● Problem to work on
Retype the listing exactly, with no images.

● Records supplied
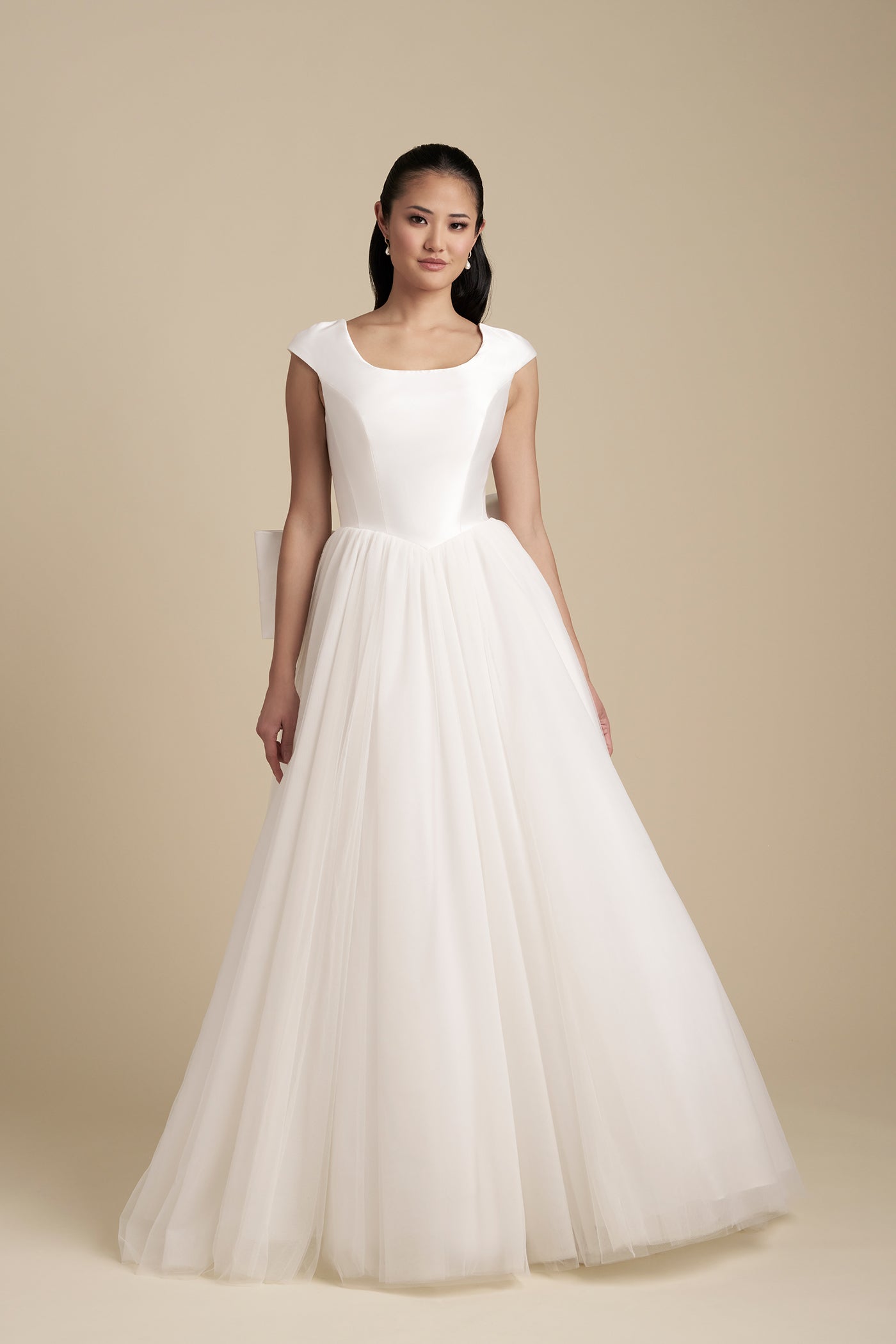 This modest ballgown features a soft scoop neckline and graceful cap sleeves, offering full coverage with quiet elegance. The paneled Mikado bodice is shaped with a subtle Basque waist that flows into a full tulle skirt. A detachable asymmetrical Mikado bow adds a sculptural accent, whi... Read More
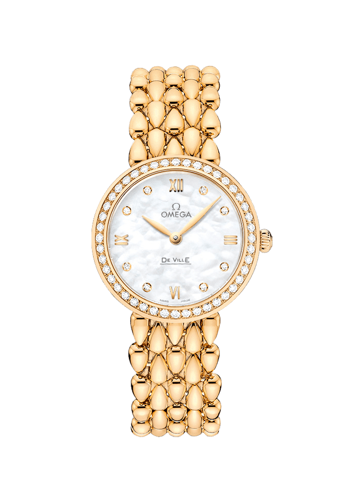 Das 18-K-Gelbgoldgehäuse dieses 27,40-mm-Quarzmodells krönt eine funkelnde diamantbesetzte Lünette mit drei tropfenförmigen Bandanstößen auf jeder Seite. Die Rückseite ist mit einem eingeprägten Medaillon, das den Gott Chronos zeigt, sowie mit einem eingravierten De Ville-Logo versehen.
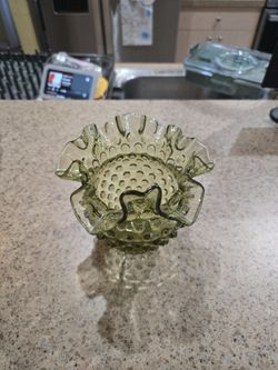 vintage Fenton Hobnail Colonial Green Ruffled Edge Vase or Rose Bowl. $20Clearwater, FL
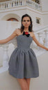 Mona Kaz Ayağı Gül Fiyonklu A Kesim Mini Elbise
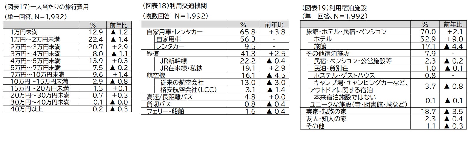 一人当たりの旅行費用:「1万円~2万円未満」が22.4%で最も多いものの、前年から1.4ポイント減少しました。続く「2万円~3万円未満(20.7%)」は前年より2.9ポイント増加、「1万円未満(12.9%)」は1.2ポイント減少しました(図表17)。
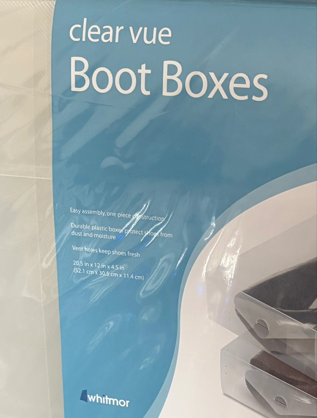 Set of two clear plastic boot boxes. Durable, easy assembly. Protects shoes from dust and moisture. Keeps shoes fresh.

● Response below
 This modest ballgown features a soft scoop neckline and graceful cap sleeves, offering full coverage with quiet elegance. The paneled Mikado bodice is shaped with a subtle Basque waist that flows into a full tulle skirt. A detachable asymmetrical Mikado bow adds a sculptural accent, whi... Read More
 Das 18-K-Gelbgoldgehäuse dieses 27,40-mm-Quarzmodells krönt eine funkelnde diamantbesetzte Lünette mit drei tropfenförmigen Bandanstößen auf jeder Seite. Die Rückseite ist mit einem eingeprägten Medaillon, das den Gott Chronos zeigt, sowie mit einem eingravierten De Ville-Logo versehen.
 vintage Fenton Hobnail Colonial Green Ruffled Edge Vase or Rose Bowl. $20Clearwater, FL
 Mona Kaz Ayağı Gül Fiyonklu A Kesim Mini Elbise
 一人当たりの旅行費用:「1万円~2万円未満」が22.4%で最も多いものの、前年から1.4ポイント減少しました。続く「2万円~3万円未満(20.7%)」は前年より2.9ポイント増加、「1万円未満(12.9%)」は1.2ポイント減少しました(図表17)。
 Set of two clear plastic boot boxes. Durable, easy assembly. Protects shoes from dust and moisture. Keeps shoes fresh.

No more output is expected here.